Highlighting that the Buddhist-Muslim tensions continue, he said that Buddhists accuse the Muslim Rohingya of raping and murdering Buddhist women while Non-Muslim ethnic minorities, who live in the Muslim-majority Rakhine State, accuse Rohingya of attacking their villages, burning their homes and raping women.
Franklin also cited Rastriya Swayamsevak Sangh (RSS) Mohan Bhagwat's statement where he had expressed concern over the infiltration of Rohingya in India, by claiming that they are "a threat to national security," with "links to jihadists."
"Additionally, Pakistan's Islamic terrorist networks are transforming Saudi-educated ethnic Rohingya emigres into jihadi warriors. At least three well-known Pakistan-based terrorist organizations have aided the Rohingya jihadis. They include: the Harakat ul-Jihad Islami (HUJI), Lashkar-e-Taiba, Lashkar-e-Jhangvi, and Jaish-e-Muhammad. Some of these militants receive training across the border from Myanmar in the Chittagong region of Bangladesh," he said.
Franklin also pointed out that Myanmar's hostility to its Rohingya minority once even drew Osama bin Laden's attention when in 1996, he mentioned their persecution in his Declaration of Jihad against the West.
Franklin added that Al-Qaeda has called upon jihadists to aid their fellow Muslims and to punish Myanmar as now the Rohingya plight is a front-page item.
"The Rohingya issue may serve to revive the fortunes of Al-Qaeda's Southeast Asian derivative, Jemaah Islamiyah (JI). Once eviscerated by counter-terrorist strikes on its leadership and the foiling of planned terrorist operations, JI may seize upon the Rohingya crisis to revive its operational strength. The Islamic State and Afghanistan's Taliban have issued similar calls for jihad against Myanmar," he warned.
Franlin said that foreign government support may indeed be strengthening terrorists in Myanmar as established governments of Muslim majority states, such as Malaysia and Indonesia, are echoing calls for Muslims to defend the Rohingyas.
"The Muslim world's condemnation of Myanmar should give the West pause before it joins in the widespread criticism of Myanmar.
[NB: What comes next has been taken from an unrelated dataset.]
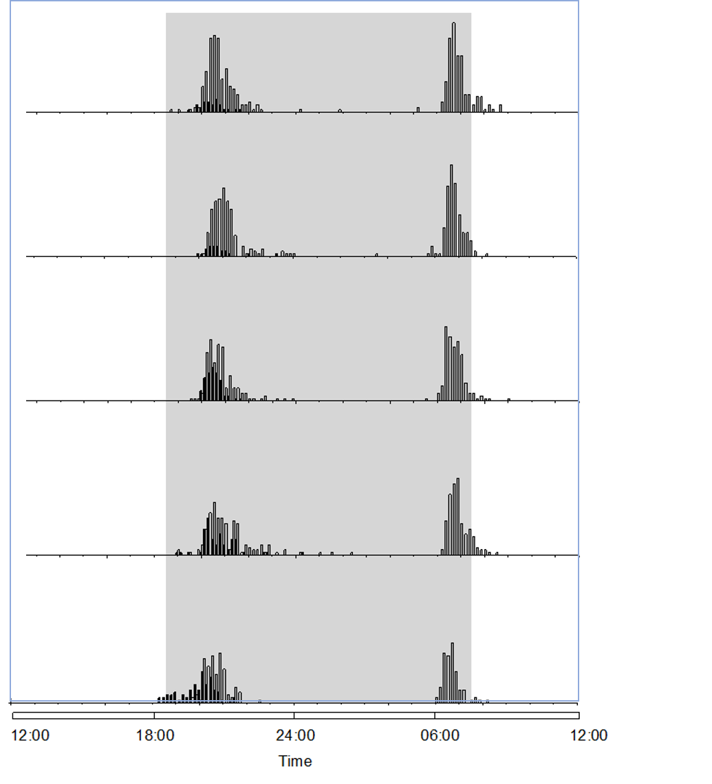 Synchronous foraging activity of 5th instar fall webworm larvae over a five-day period The caterpillars leave the nest at dusk en masse, then, after feeding overnight, return to the nest at daybreak. Nocturnal foraging is likely an adaption that allows caterpillars to avoid day-active predators. (Gray area = nightime)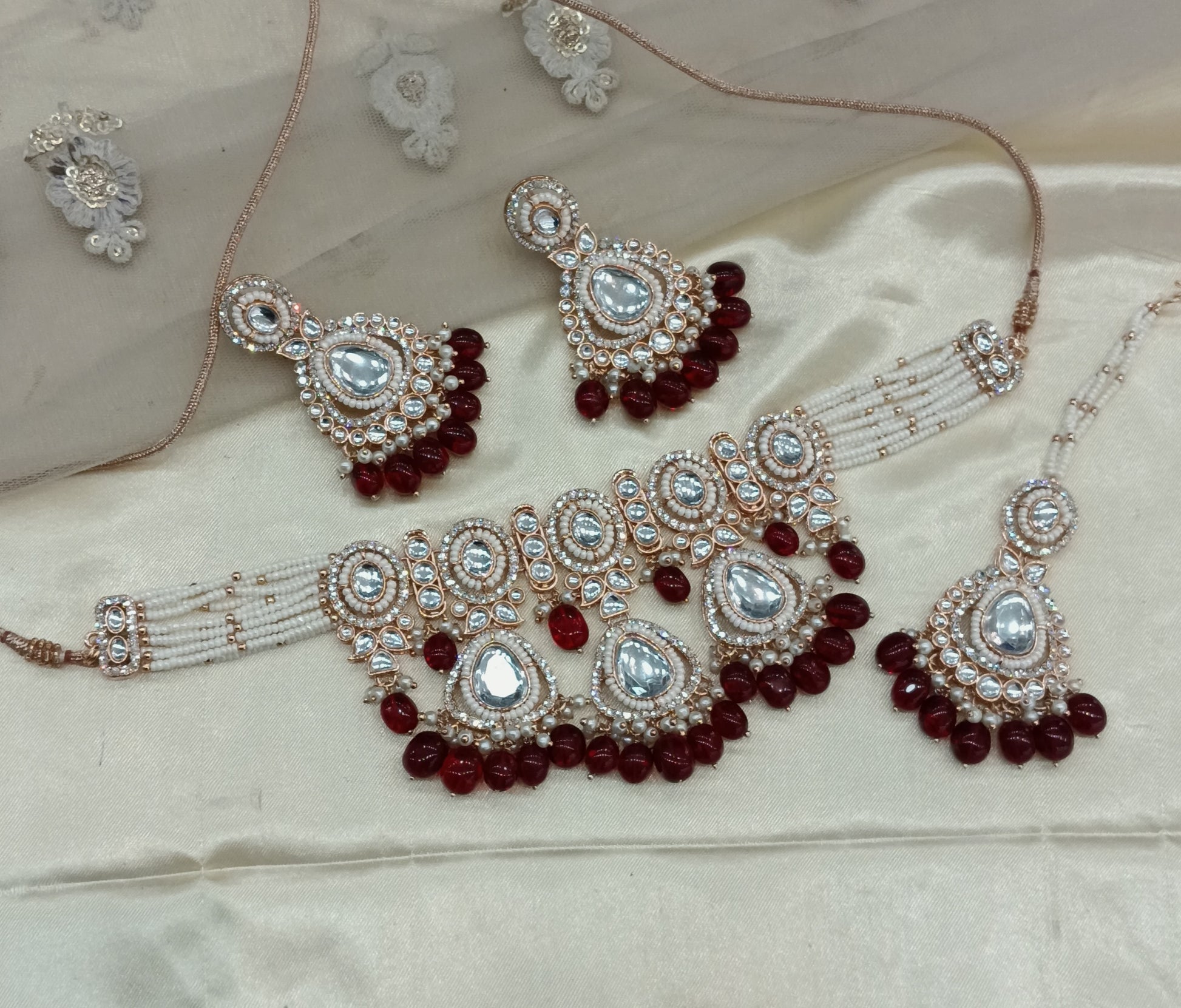 Maroon Kundan 21 Karet Choker Jewellery hudiSet

Al-Qaeda's call "upon all Mujahidin in Bangladesh, India, Pakistan, and the Philippines to set out for Burma to help their Muslim brothers" is accompanied with a threat that the Myanmar government "shall be made to taste what our Muslim brothers have tasted," he said.
"In addition to fighting atrocities against innocent people, it is critical to protect the Free World, which, until the Rohingya crisis, Myanmar had made great progress toward joining," Franklin added.